- **HOW TO COMPLETE THIS TASK**
Without any images, write the data out exactly as it appears.

- **DATA SECTION**
==================================================
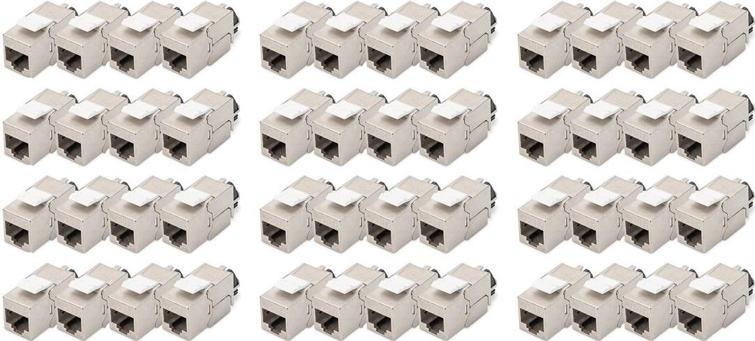 Das geschirmte CAT 6A Keystone Modul-Set DN-93617-48 von DIGITUS® überzeugt durch zukunftsorientierte Standards und High-End Qualität für Ihr Netzwerk. Die Module besitzen eine 360° Schirmkontaktierung, einen Rasthebel und einen wiederverschliessbaren, intelligenten Kabelmanager zur Zugentlastung und Kabelfixierung. Die kompakte Bauform erlaubt eine Reiheninstallation in 483 mm (19) 1HE Panel. Die werkzeugfreie Installation erfolgt über LSA-Leisten, farbcodiert nach EIA/TIA 568 A&B. Durch seine kompakte Bauform passt das Modul außerdem in designkompatible modulare Anschlussdosen.
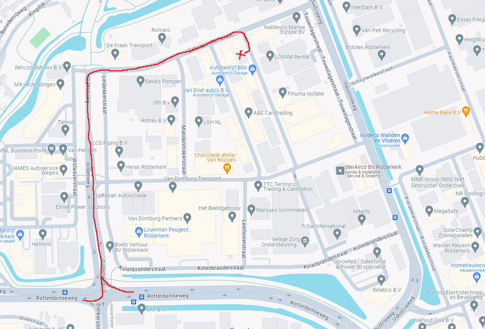 Vanaf Noord A16 Brienenoordbrug Ridderkerk aanhouden en dan ook bij de Rotterdamseweg stoplichten rechts.
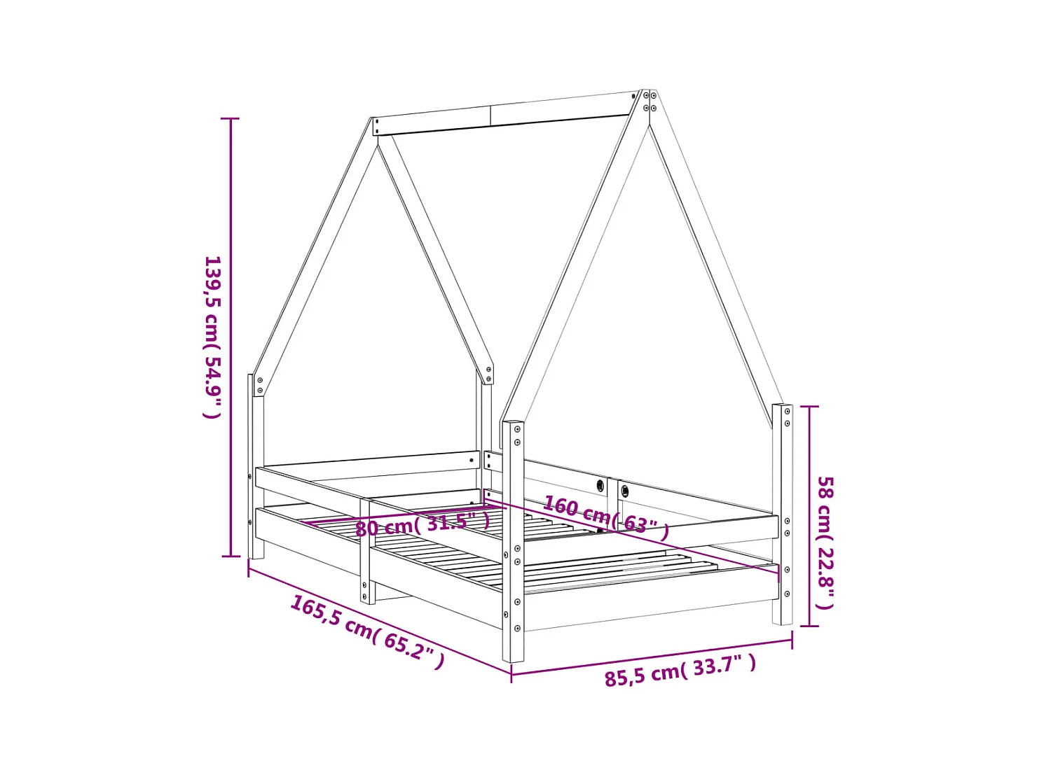 Cadre de lit d'enfants forme de maison sans matelas 80x160 cm
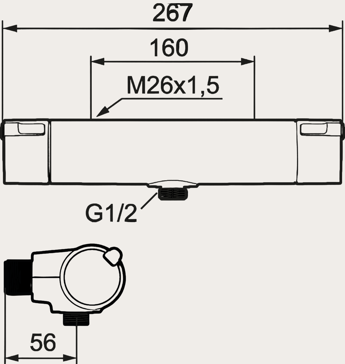MORA - MMIX II Termostat duschblandare Dubbla backventil utlopp ned 160 c/c
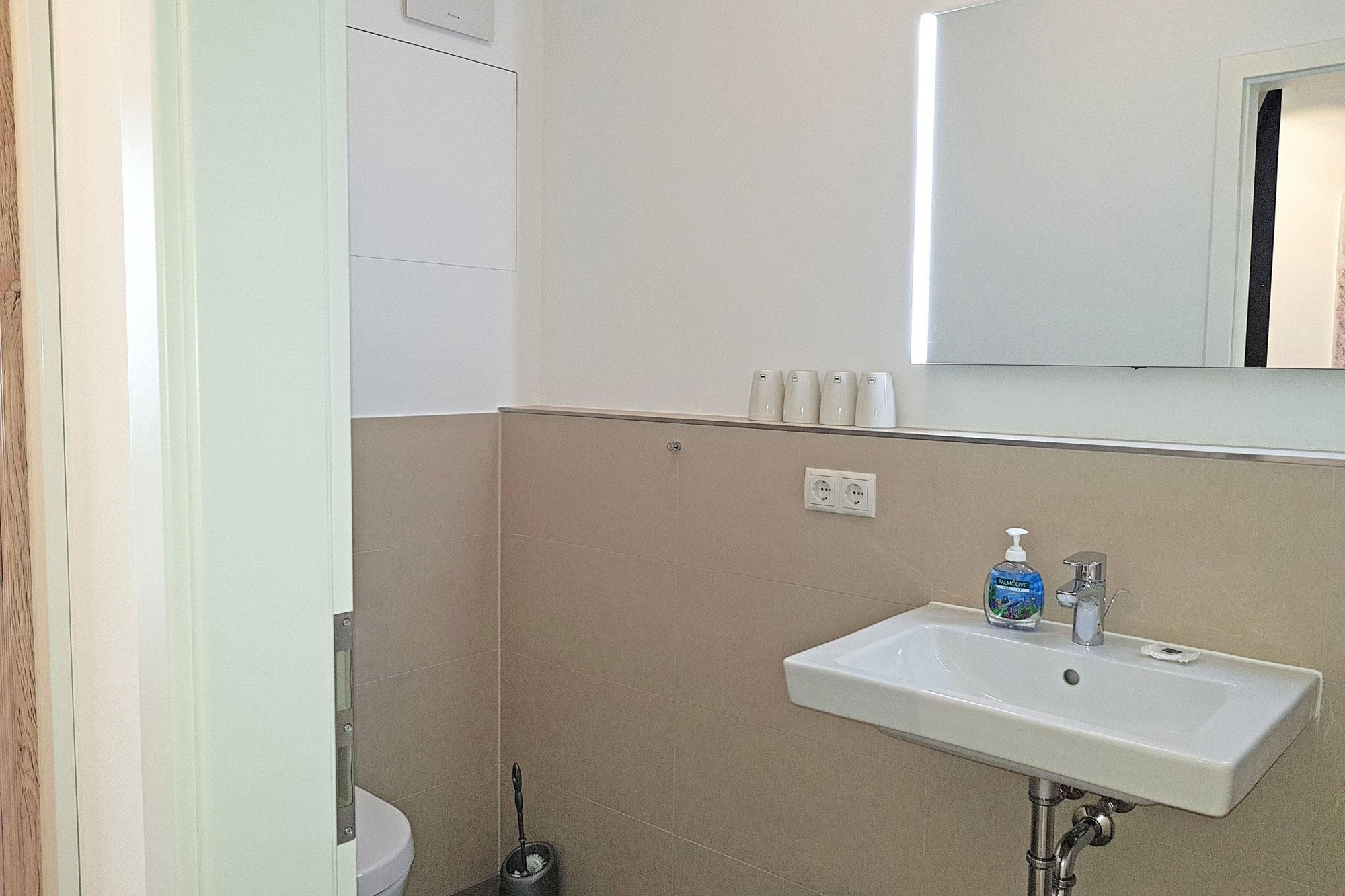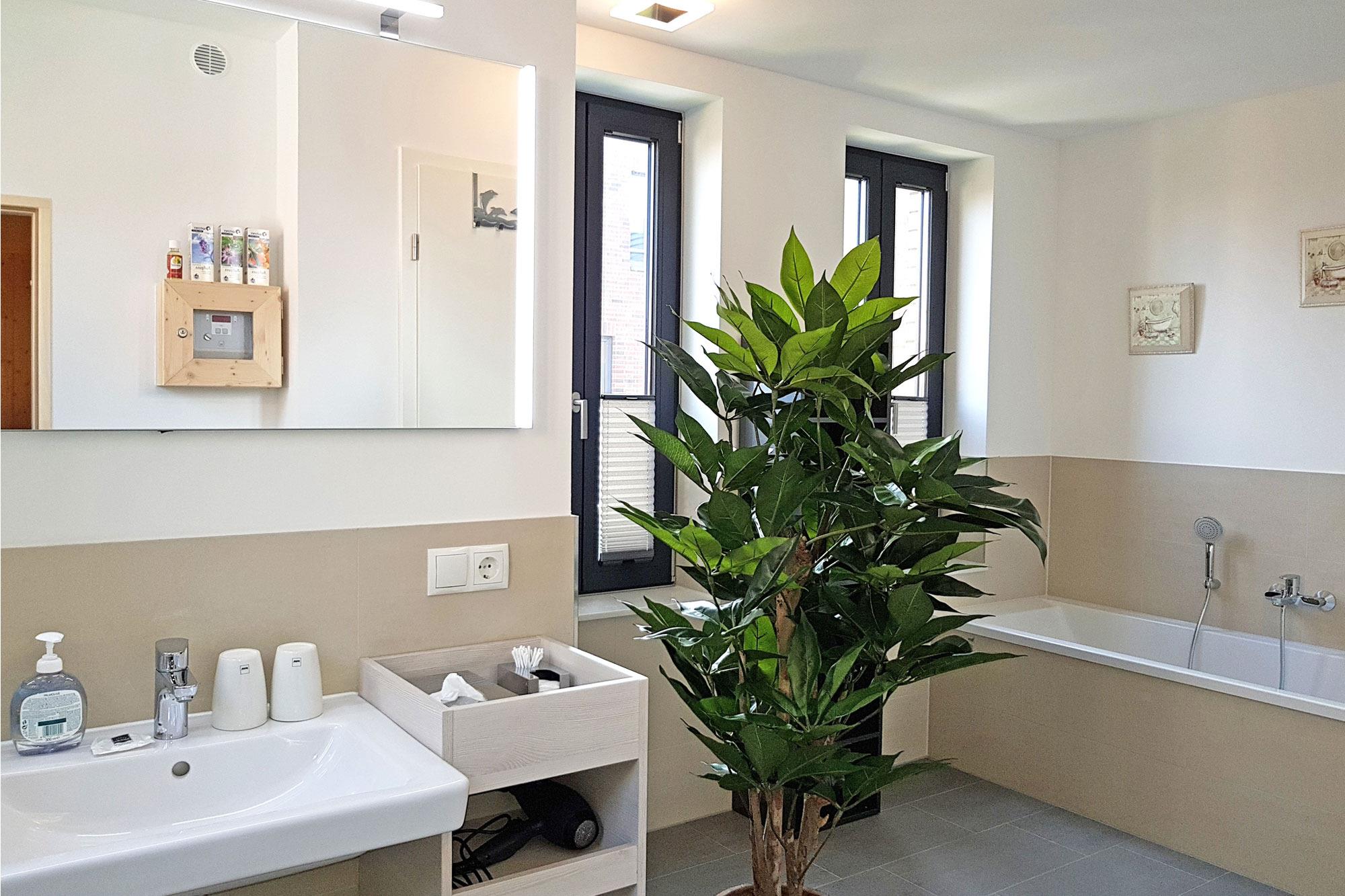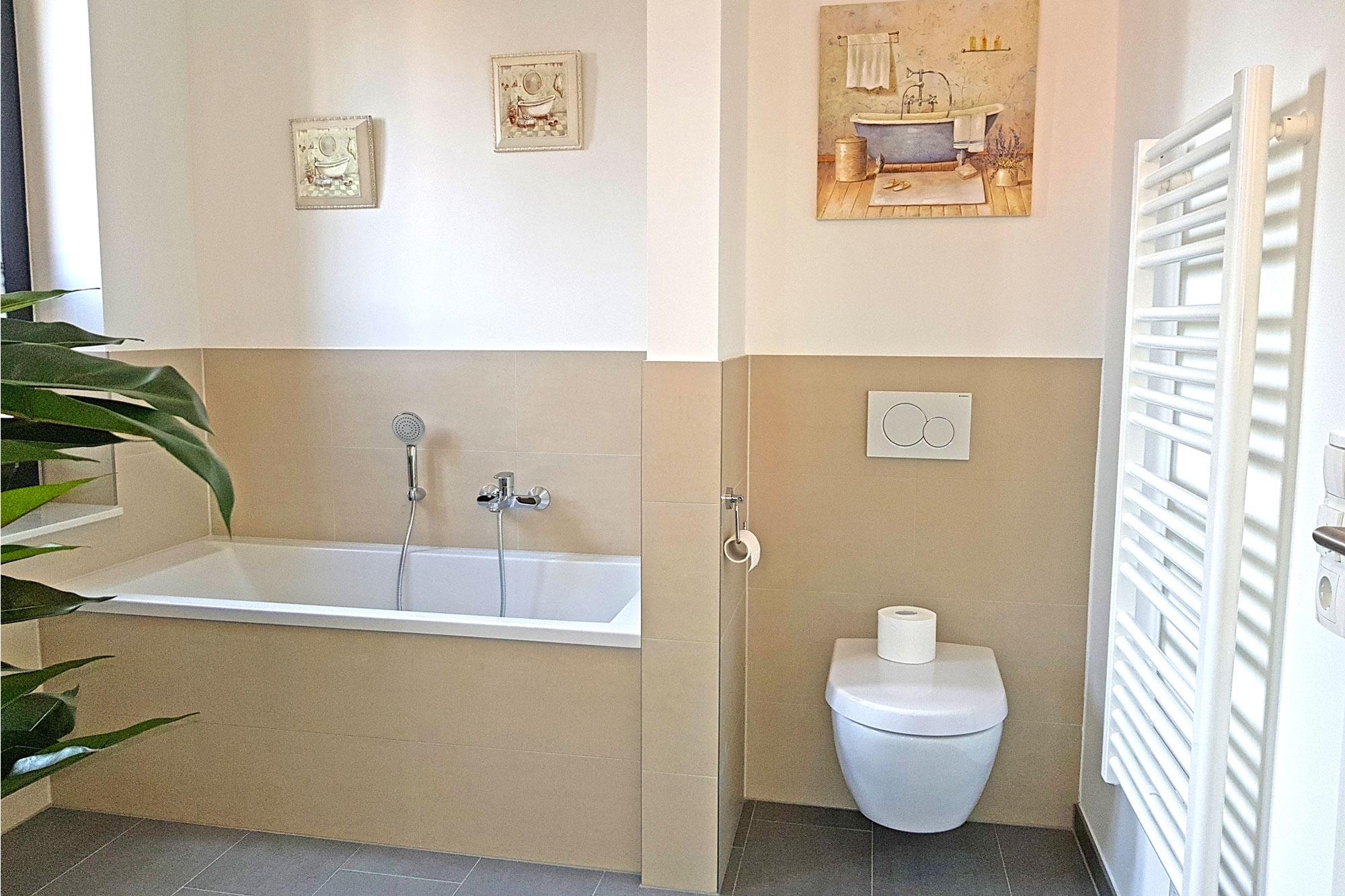 Die beiden Badezimmer in den oberen Etagen bieten viel Komfort – eines ist mit einer Badewanne ausgestattet, das andere verfügt über eine bodengleiche Dusche. Nach einem erlebnisreichen Tag an der Ostsee können Sie sich in der integrierten Sauna (gegen Gebühr) entspannen. Handtuchwärmer und WC sind ebenfalls vorhanden. Ein zusätzliches Gäste-WC im Erdgeschoss rundet die Ausstattung ab.
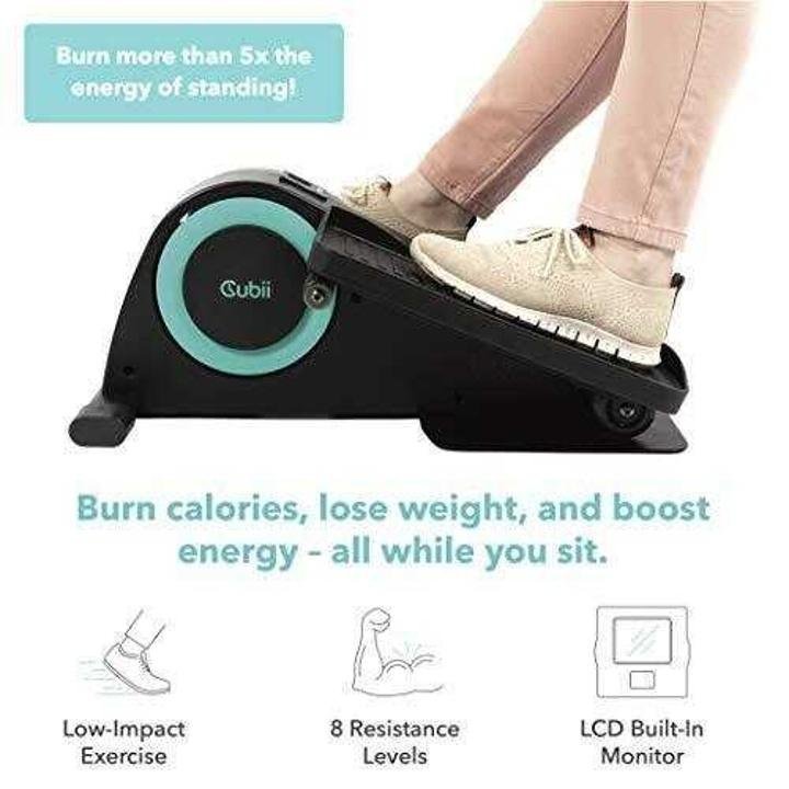 Details: Cubii JR1 takes the excuse out of ※I just don*t have time.§ Built specifically to be used while sitting. Because of Cubii JR1*s quiet and compact design, workout in your favorite chair at home or easily slip Cubii JR1 under your desk to discreetly workout at the office. Know how well you*re doing in real time with the built-in display monitor which records time, calories, distance, strides and RPM. Cubii JR1*s patented ergonomic design helps you go beyond the calorie count to engage your core, hip flexors, glutes, quads, hamstrings and calves, improve your posture and energy levels. In a recent study conducted by leading obesity experts, when compared to stationary sitting, Cubii JR1 increased participant*s energy expenditure by 84.5%. For comparison, a standing desk only increased participant*s energy expenditure by 16.7%. Other pedal machines on the market tend to mimic the motion of a bike vs Cubii JR1*s elliptical motion. The range of motion on a bike is typically a lot higher than an elliptical which puts more pressure on your knees. Because of Cubii JR1*s patented ergonomic angles, its smooth and unconscious elliptical motion won*t cause your knees to hit the underside of your desk and is low impact on your joints. NEAT-certified is a trademark of Mayo Foundation for Medical Education and Research and used under license. * Built in display monitor tracks real time calories, strides, distance, time and RPM * Patented ergonomic angels provide a smooth elliptical exercise that is low impact on your joints * Compact design allows you to workout at home or office, anytime, anywhere – no gym required * Select from 8 resistance levels, allowing you to adjust and control the intensity of your workout * Purchase includes all necessary equipment for easy assembly. Estimated assembly time is 3-5 minsPackage Dimensions: 24.6 x 12.8 x 12.5 inches
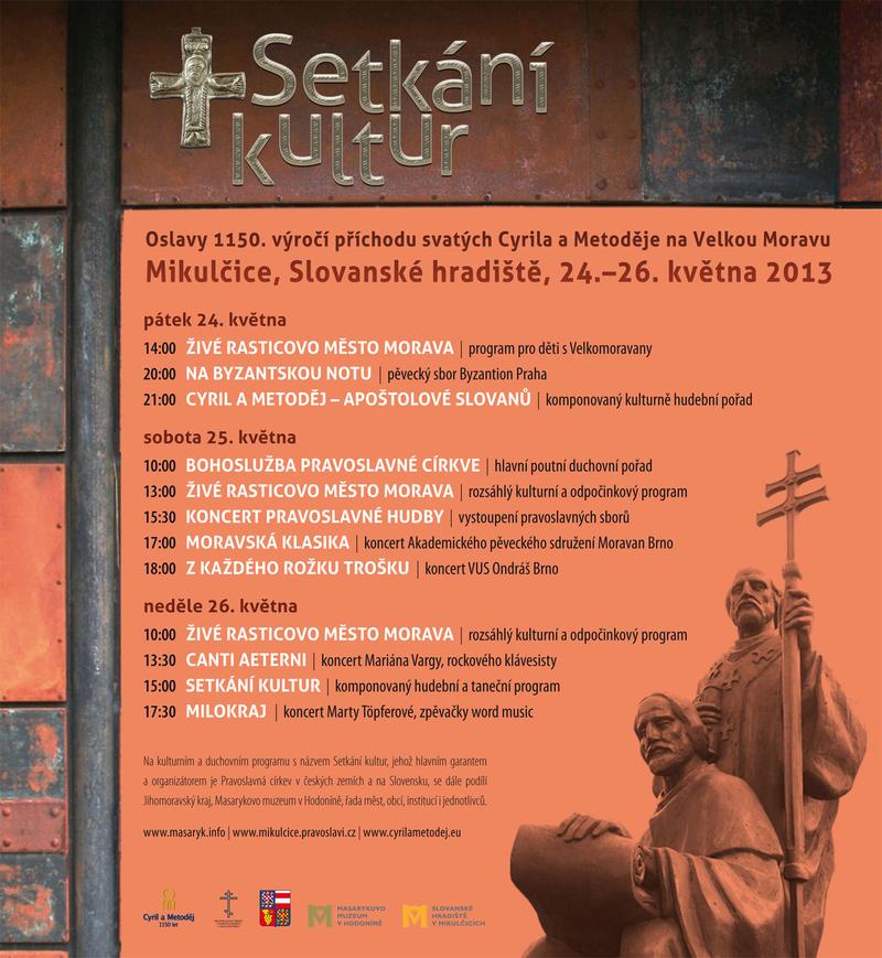 V jubilejním roce 1150. výročí příchodu svatých Konstantina a Metoděje na Velkou Moravu se v Mikulčicích koná jedna z nejvýznamnějších duchovních i kulturních akcí. Uskuteční se pod názvem Setkání kultur v v pátek až neděli 24. až 26. května 2013.
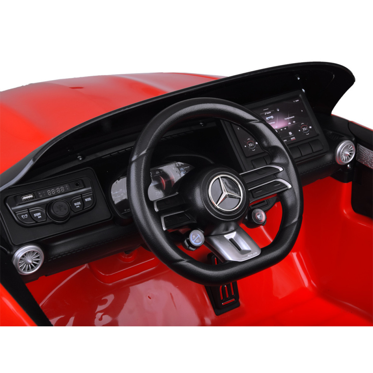 Realistlikku sõiduelamust toetavad ees ja taga led-tuled, mootori käivitamise heli ning muusikapaneel. autos on sisseehitatud laulud ja ingliskeelsed lood, samuti raadio, usb- ja mp3-sisend, et laps saaks kuulata ka oma lemmikmuusikat. roolil olevad nupud juhivad signaali ja muusika vahetamist.
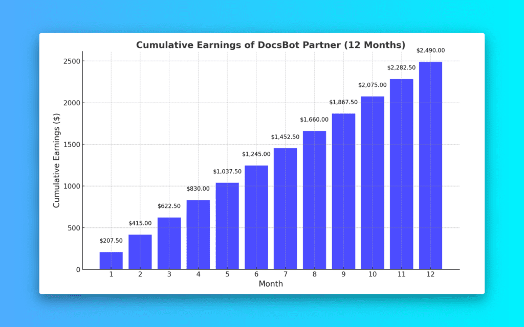 We’re here to load you up with all the cool stuff you need to get the word out. Your main gig? Just keep those referrals coming and watch your earnings grow with DocsBot AI!
==================================================
- **RESULT OF THIS TASK**
 Das geschirmte CAT 6A Keystone Modul-Set DN-93617-48 von DIGITUS® überzeugt durch zukunftsorientierte Standards und High-End Qualität für Ihr Netzwerk. Die Module besitzen eine 360° Schirmkontaktierung, einen Rasthebel und einen wiederverschliessbaren, intelligenten Kabelmanager zur Zugentlastung und Kabelfixierung. Die kompakte Bauform erlaubt eine Reiheninstallation in 483 mm (19) 1HE Panel. Die werkzeugfreie Installation erfolgt über LSA-Leisten, farbcodiert nach EIA/TIA 568 A&B. Durch seine kompakte Bauform passt das Modul außerdem in designkompatible modulare Anschlussdosen.
 Vanaf Noord A16 Brienenoordbrug Ridderkerk aanhouden en dan ook bij de Rotterdamseweg stoplichten rechts.
 Cadre de lit d'enfants forme de maison sans matelas 80x160 cm
MORA - MMIX II Termostat duschblandare Dubbla backventil utlopp ned 160 c/c
 Die beiden Badezimmer in den oberen Etagen bieten viel Komfort – eines ist mit einer Badewanne ausgestattet, das andere verfügt über eine bodengleiche Dusche. Nach einem erlebnisreichen Tag an der Ostsee können Sie sich in der integrierten Sauna (gegen Gebühr) entspannen. Handtuchwärmer und WC sind ebenfalls vorhanden. Ein zusätzliches Gäste-WC im Erdgeschoss rundet die Ausstattung ab.
 Details: Cubii JR1 takes the excuse out of ※I just don*t have time.§ Built specifically to be used while sitting. Because of Cubii JR1*s quiet and compact design, workout in your favorite chair at home or easily slip Cubii JR1 under your desk to discreetly workout at the office. Know how well you*re doing in real time with the built-in display monitor which records time, calories, distance, strides and RPM. Cubii JR1*s patented ergonomic design helps you go beyond the calorie count to engage your core, hip flexors, glutes, quads, hamstrings and calves, improve your posture and energy levels. In a recent study conducted by leading obesity experts, when compared to stationary sitting, Cubii JR1 increased participant*s energy expenditure by 84.5%. For comparison, a standing desk only increased participant*s energy expenditure by 16.7%. Other pedal machines on the market tend to mimic the motion of a bike vs Cubii JR1*s elliptical motion. The range of motion on a bike is typically a lot higher than an elliptical which puts more pressure on your knees. Because of Cubii JR1*s patented ergonomic angles, its smooth and unconscious elliptical motion won*t cause your knees to hit the underside of your desk and is low impact on your joints. NEAT-certified is a trademark of Mayo Foundation for Medical Education and Research and used under license. * Built in display monitor tracks real time calories, strides, distance, time and RPM * Patented ergonomic angels provide a smooth elliptical exercise that is low impact on your joints * Compact design allows you to workout at home or office, anytime, anywhere – no gym required * Select from 8 resistance levels, allowing you to adjust and control the intensity of your workout * Purchase includes all necessary equipment for easy assembly. Estimated assembly time is 3-5 minsPackage Dimensions: 24.6 x 12.8 x 12.5 inches
 V jubilejním roce 1150. výročí příchodu svatých Konstantina a Metoděje na Velkou Moravu se v Mikulčicích koná jedna z nejvýznamnějších duchovních i kulturních akcí. Uskuteční se pod názvem Setkání kultur v v pátek až neděli 24. až 26. května 2013.
 Realistlikku sõiduelamust toetavad ees ja taga led-tuled, mootori käivitamise heli ning muusikapaneel. autos on sisseehitatud laulud ja ingliskeelsed lood, samuti raadio, usb- ja mp3-sisend, et laps saaks kuulata ka oma lemmikmuusikat. roolil olevad nupud juhivad signaali ja muusika vahetamist.
 We’re here to load you up with all the cool stuff you need to get the word out. Your main gig? Just keep those referrals coming and watch your earnings grow with DocsBot AI!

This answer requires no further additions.